**TO DO**
Copy exactly the lines from the start of the data below through the one that carries "This set of", and only those.

**DATA**
※
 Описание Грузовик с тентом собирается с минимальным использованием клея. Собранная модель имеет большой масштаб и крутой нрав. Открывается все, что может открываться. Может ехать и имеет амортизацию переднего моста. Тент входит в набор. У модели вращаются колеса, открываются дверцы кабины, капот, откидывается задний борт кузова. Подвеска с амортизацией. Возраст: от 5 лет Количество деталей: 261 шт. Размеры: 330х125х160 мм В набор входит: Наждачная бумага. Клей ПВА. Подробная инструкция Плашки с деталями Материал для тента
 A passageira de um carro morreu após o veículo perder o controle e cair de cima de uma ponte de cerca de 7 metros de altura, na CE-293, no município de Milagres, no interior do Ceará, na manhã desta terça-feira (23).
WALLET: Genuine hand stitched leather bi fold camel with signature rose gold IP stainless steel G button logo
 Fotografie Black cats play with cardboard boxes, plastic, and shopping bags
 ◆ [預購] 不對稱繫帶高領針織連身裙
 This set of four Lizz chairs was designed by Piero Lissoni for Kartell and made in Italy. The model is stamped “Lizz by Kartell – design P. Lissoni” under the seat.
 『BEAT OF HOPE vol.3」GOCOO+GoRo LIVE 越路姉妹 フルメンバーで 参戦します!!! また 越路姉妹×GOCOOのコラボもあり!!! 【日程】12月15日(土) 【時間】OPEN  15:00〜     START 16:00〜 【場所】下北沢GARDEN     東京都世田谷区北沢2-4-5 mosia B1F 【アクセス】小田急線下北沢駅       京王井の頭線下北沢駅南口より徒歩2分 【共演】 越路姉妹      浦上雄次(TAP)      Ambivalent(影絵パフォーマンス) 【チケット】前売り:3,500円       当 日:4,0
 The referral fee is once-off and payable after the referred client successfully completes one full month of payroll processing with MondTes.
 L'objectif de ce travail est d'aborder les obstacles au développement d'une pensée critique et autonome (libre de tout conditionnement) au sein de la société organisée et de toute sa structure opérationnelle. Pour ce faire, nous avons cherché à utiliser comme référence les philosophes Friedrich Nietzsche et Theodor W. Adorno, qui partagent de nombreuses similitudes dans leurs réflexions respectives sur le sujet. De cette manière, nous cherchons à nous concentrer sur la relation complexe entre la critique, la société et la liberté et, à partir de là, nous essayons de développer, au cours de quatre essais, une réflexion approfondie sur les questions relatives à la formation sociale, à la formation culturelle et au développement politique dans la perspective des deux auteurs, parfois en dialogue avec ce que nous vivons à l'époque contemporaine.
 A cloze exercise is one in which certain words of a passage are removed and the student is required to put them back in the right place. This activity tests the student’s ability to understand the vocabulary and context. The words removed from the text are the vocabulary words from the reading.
※
**EXPECTED ANSWER**
 Описание Грузовик с тентом собирается с минимальным использованием клея. Собранная модель имеет большой масштаб и крутой нрав. Открывается все, что может открываться. Может ехать и имеет амортизацию переднего моста. Тент входит в набор. У модели вращаются колеса, открываются дверцы кабины, капот, откидывается задний борт кузова. Подвеска с амортизацией. Возраст: от 5 лет Количество деталей: 261 шт. Размеры: 330х125х160 мм В набор входит: Наждачная бумага. Клей ПВА. Подробная инструкция Плашки с деталями Материал для тента
 A passageira de um carro morreu após o veículo perder o controle e cair de cima de uma ponte de cerca de 7 metros de altura, na CE-293, no município de Milagres, no interior do Ceará, na manhã desta terça-feira (23).
WALLET: Genuine hand stitched leather bi fold camel with signature rose gold IP stainless steel G button logo
 Fotografie Black cats play with cardboard boxes, plastic, and shopping bags
 ◆ [預購] 不對稱繫帶高領針織連身裙
 This set of four Lizz chairs was designed by Piero Lissoni for Kartell and made in Italy. The model is stamped “Lizz by Kartell – design P. Lissoni” under the seat.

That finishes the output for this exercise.